There are no solutions to the vastly underfunded Illinois pension system that will not involve “broadly shared pain,” residents of Evanston and surrounding communities were told Thursday night by 17th District Rep. Daniel Biss at a public forum in Skokie.

On the eve of a special session of the Illinois Legislature to deal with an $83 billion underfunded state pension system,  a standing-room-only crowd packed the Temple Beth Israel on Dempster Street to hear a panel that included Erika Lindley, the executive director of ED-RED, an advocacy group for suburban school districts; Dick Ingram, the executive director of the Teachers’ Retirement System; and Louis Kosiba, executive director of the Illinois Municipal Retirement Fund.
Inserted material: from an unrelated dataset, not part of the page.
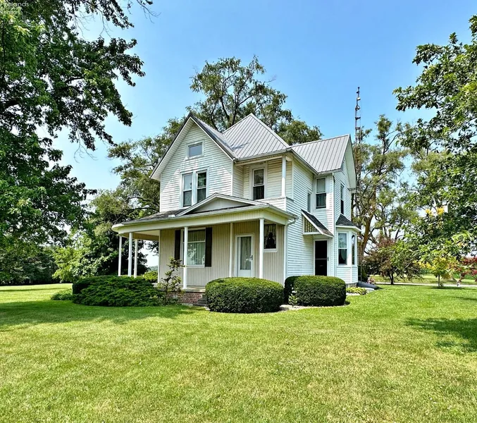 Welcome to this enchanting two-story farmhouse, meticulously maintained and steeped in history, offering a serene escape on 3.55 picturesque acres. Nestled among lush, mature trees, this property exudes the warmth and character of a bygone era while boasting modern amenities and upgrades.Step inside and be transported to a time when craftsmanship was paramount. The interior features ornate woodwork, pocket doors, and large windows that bathe the rooms in natural light.The heart of the home is undoubtedly the kitchen! Adorned with Amish-made cabinets, the kitchen blends functionality with timeless beauty making it a delightful space to prepare meals and create memories with loved ones. The primary bedroom stands out with its spaciousness and a coveted walk-in closet. The two additional bedrooms offer ample space and charm. Two full baths & main floor laundryprovide ease of living & convenience.Two well-maintained outbuildings offer additional storage & endless possibilities.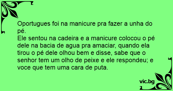 Ele sentou na cadeira e a manicure colocou o pé dele na bacia de agua pra amaciar, quando ela tirou o pé dele olhou bem e disse, sabe que o senhor tem um olho de peixe e ele respondeu; e voce que tem uma cara de рuта.

From left: Biss, Lindley, Ingram, and Kosiba

Biss, a freshman legislator who is now running for the 9th District Senate seat held by Jeffrey M. Schoenberg of Evanston, made it clear that any solution was likely to shift pension costs from the state to the local school districts (funded largely by property taxes), that teachers and other government employees would probably contribute more to their pensions, and that benefits were unlikely to keep pace with inflation.

Lindley, whose organization represents some 80 school districts, said her members were resigned to the fact that local districts were going to have to assume an increasing share of the employer’s pension costs, but she expressed the hope that the phase-in period would last from 10 to 15 years.
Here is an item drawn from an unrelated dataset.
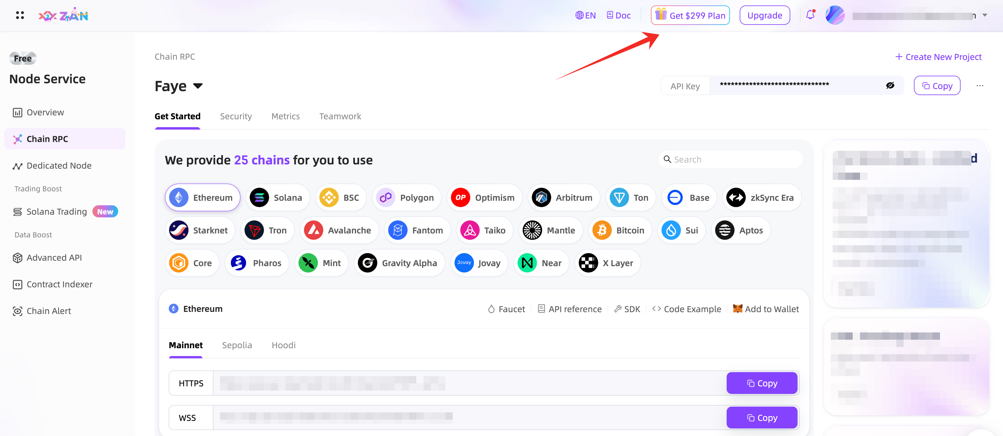 步骤 3:在 ZAN Node 控制台或我的个人资料中,点击“Get $299 Plan”以访问活动页面。

“The longer we can stretch this out, the better,” she said. She also advocated relief from unfunded state mandates that increase the budgets of local school districts.

Lindley: “The longer we can stretch this out, the better.”

Ingram, who runs the Teachers’ Retirement System, noted that in most states the local districts pay the entire share of the employers’ pension contribution, whereas in Illinois, the state assumes that obligation.
“We don’t care where (the money’s) coming from,” he said, “so long as we get it.”

Kosiba said that his fund assumes that its investments will average an annual return of 7.5 percent, although the actual returns vary widely due to ups and downs in the stock market. In 2008, when the market tanked, the fund actually lost nearly 25 percent of its assets. Since 1982, however, the average annual return has been 9.95 percent.

In response to a question from the audience, he said that his board feels that 7.5 percent is a reasonable expectation over the long term.

 Biss had no apologies for his colleagues in the state legislature.

“The State of Illinois has not been a trustworthy actor for a long time,” he said.

“We lied about what stuff costs. We set expectations that we could not meet,” he declared.

Top: Concerned citizens pack the hall at Beth Israel.

Charles Bartling

A resident of Evanston since 1975, Chuck Bartling holds a master’s degree in journalism from Northwestern University and has extensive experience as a reporter and editor for daily newspapers, radio...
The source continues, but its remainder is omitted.